From where I sit though, it was a win for all three.
It seems that the linear channels will have WBD branding (e.g. “WB TV Watchlist”) which is pretty much free advertising for Max or whatever the new combo HBO Max-Discovery+ app is called. Both from the name and from the implied premise that “if you like this, there’s a lot more where that came from.”
The series, which range from Westworld to Cake Boss right on down to FBOY Island cover a range of audience bases and give both Tubi and Roku (who are getting different slates of programming) a way to further differentiate themselves from their rivals.
Having viewers find something they want to watch is the key to retention on FASTs, as it keeps them coming back rather than moving on to the next FAST. (People tend to be creatures of habit.)
Why It Matters
FASTs are pretty low-friction propositions. They don’t collect emails (yet) and they’re free. So it’s easy to jump from one to another. Consumers are going to settle on a handful of services they regard as their favorites. And they’re going to do that based on those FASTs having a good selection of shows and movies they want to watch.
For WBD, having some of their shows on Tubi and Roku is not that big a deal. It’s just a handful of shows. Most of the massive library that WBD has is going to be on their own future FAST. It’s an incredibly evergreen library too, especially the Discovery and HGTV parts—a House Hunters International or Cake Boss episode from 2013 is not going to look all that different from one from 2023.
So yeah, they may lose a couple of hardcore FBOY Island fans to Tubi. But the dollars they are getting from those deals will more than make up for it.

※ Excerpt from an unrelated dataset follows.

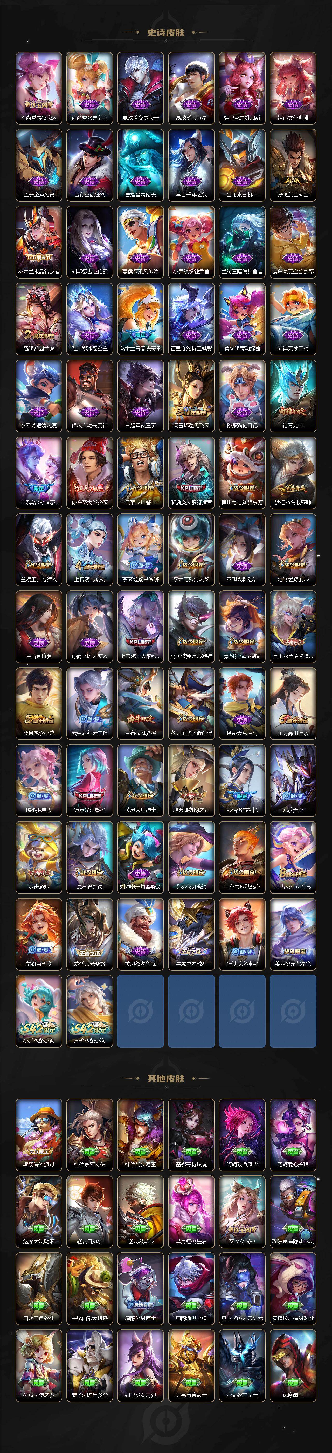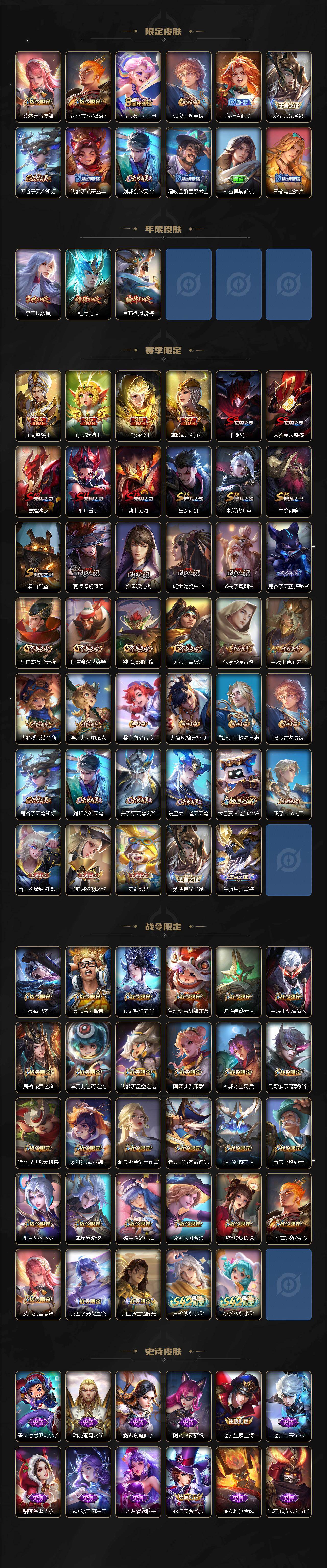 【限定皮肤】:白起狰,大乔绒语心约,姜子牙天穹之誓,狄仁杰阴阳师,虞姬凯尔特女王,赵云皇家上将,墨子神迹守卫,孙尚香蔷薇恋人,鲁班七号狮舞东方,庄周蜃楼王,庄周高山流水,高渐离死亡摇滚,阿轲迷踪丽影,孙膑妖精王,扁鹊炼金王,芈月重明,芈月幻夜卜梦,吕布猎兽之王,吕布御风骁将,周瑜赤莲之焰,元歌无心,夏侯惇朔风刀,甄姬游园惊梦,曹操烛龙,典韦穷奇,典韦蓝屏警告,马可波罗暗影游猎,狄仁杰魔术师,狄仁杰万华元夜,达摩沙漠行僧,项羽海滩派对,老夫子醍醐杖,老夫子航海奇遇记,程咬金演武夺筹,刘邦夺宝奇兵,韩信傲雪梅枪,兰陵王驯魔猎人,兰陵王金庭之子,花木兰青春决赛季,孙悟空大圣娶亲,牛魔御旌,李元芳银河之约,李元芳云中旅人,虞姬启明星使,钟馗神迹守卫,钟馗驱傩正仪,杨玉环遇见飞天,女娲朔望之晖,干将莫邪冰霜恋舞曲,雅典娜单词大作战,雅典娜黎明之约,蔡文姬繁星吟游,太乙真人饕餮,太乙真人华丽摇滚,鬼谷子原初探秘者,黄忠火炮绅士,铠青龙志,苏烈千军破阵,百里玄策原初追逐者,弈星混沌棋,梦奇顽趣,沈梦溪星空之诺,沈梦溪大漠名商,明世隐疑决卦,裴擒虎天狼狩猎者,裴擒虎李小龙,裴擒虎擒涛扼浪,狂铁御狮,米莱狄御霄,云中君纤云弄巧,盾山御銮,猪八戒西部大镖客,上官婉儿梁祝,上官婉儿天狼绘梦者,嫦娥拒霜思,嫦娥暖冬兔眠,西施玲珑珍味,蒙犽狂想玩偶喵,鲁班大师探海日志,镜匿光追影者,桑启海盐诗旅,暃星界游侠,戈娅驭风魔法,艾琳女武神,艾琳流音漫舞,司空震地狱燃心,阿古朵江河有灵,张良古海寻踪,蒙犽百解令,蒙恬荣光圣徽,鬼谷子天穹祈灯,沈梦溪龙舞盛年,刘邦剑破天穹,程咬金群星魔术团,刘备异域游侠,周瑜熔金海岸

For Roku, which doesn’t have its own legacy library to draw from the way Pluto TV does, and for Tubi which can only draw from Fox’s shows, having the WDB content is a way to set themselves apart and to establish they’re listening to their viewers by giving them more choices. It also gives them something to highlight in their promotions. (“Now on Tubi!” “Now on The Roku Channel!”)

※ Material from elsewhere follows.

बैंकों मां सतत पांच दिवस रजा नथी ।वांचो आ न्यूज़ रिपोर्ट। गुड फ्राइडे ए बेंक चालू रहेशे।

Promotion is going to be key to the success of the FASTs too, because now that the market is settling, they need to be able attract the second wave of streaming viewers while retaining the first. That’s going to require old school TV marketing, touting the shows and movies they have on demand while promoting their more popular linear channels.
And news. Because the FASTs have rapidly begun acquiring a whole passel of local and national news options.
What You Need To Do About It
If you are one of the networks and you have a huge library of content, giving small pieces of it away is a smart move. It’s cash in your pocket, it’s free advertising and if 98 percent of your library is still living exclusively on your own FAST service, then no harm done.
If you are one of the FASTs not affiliated with a major media company, then you should definitely look into buying some shows from those companies. It’s unique content, it’s something to promote and it’s a much more effective (and cost-effective) retention tool than trying to create your own originals.
If you’re a consumer, this is good news all around. More of your favorite shows in more places. All for free.
If you’re an entrepreneur, a guide to what’s on all the FASTs (or at least a way to figure out which FASTs a particular show or movie is on) would be well-received. And if you already have such a thing (and I suspect there are several out there) then please let us know.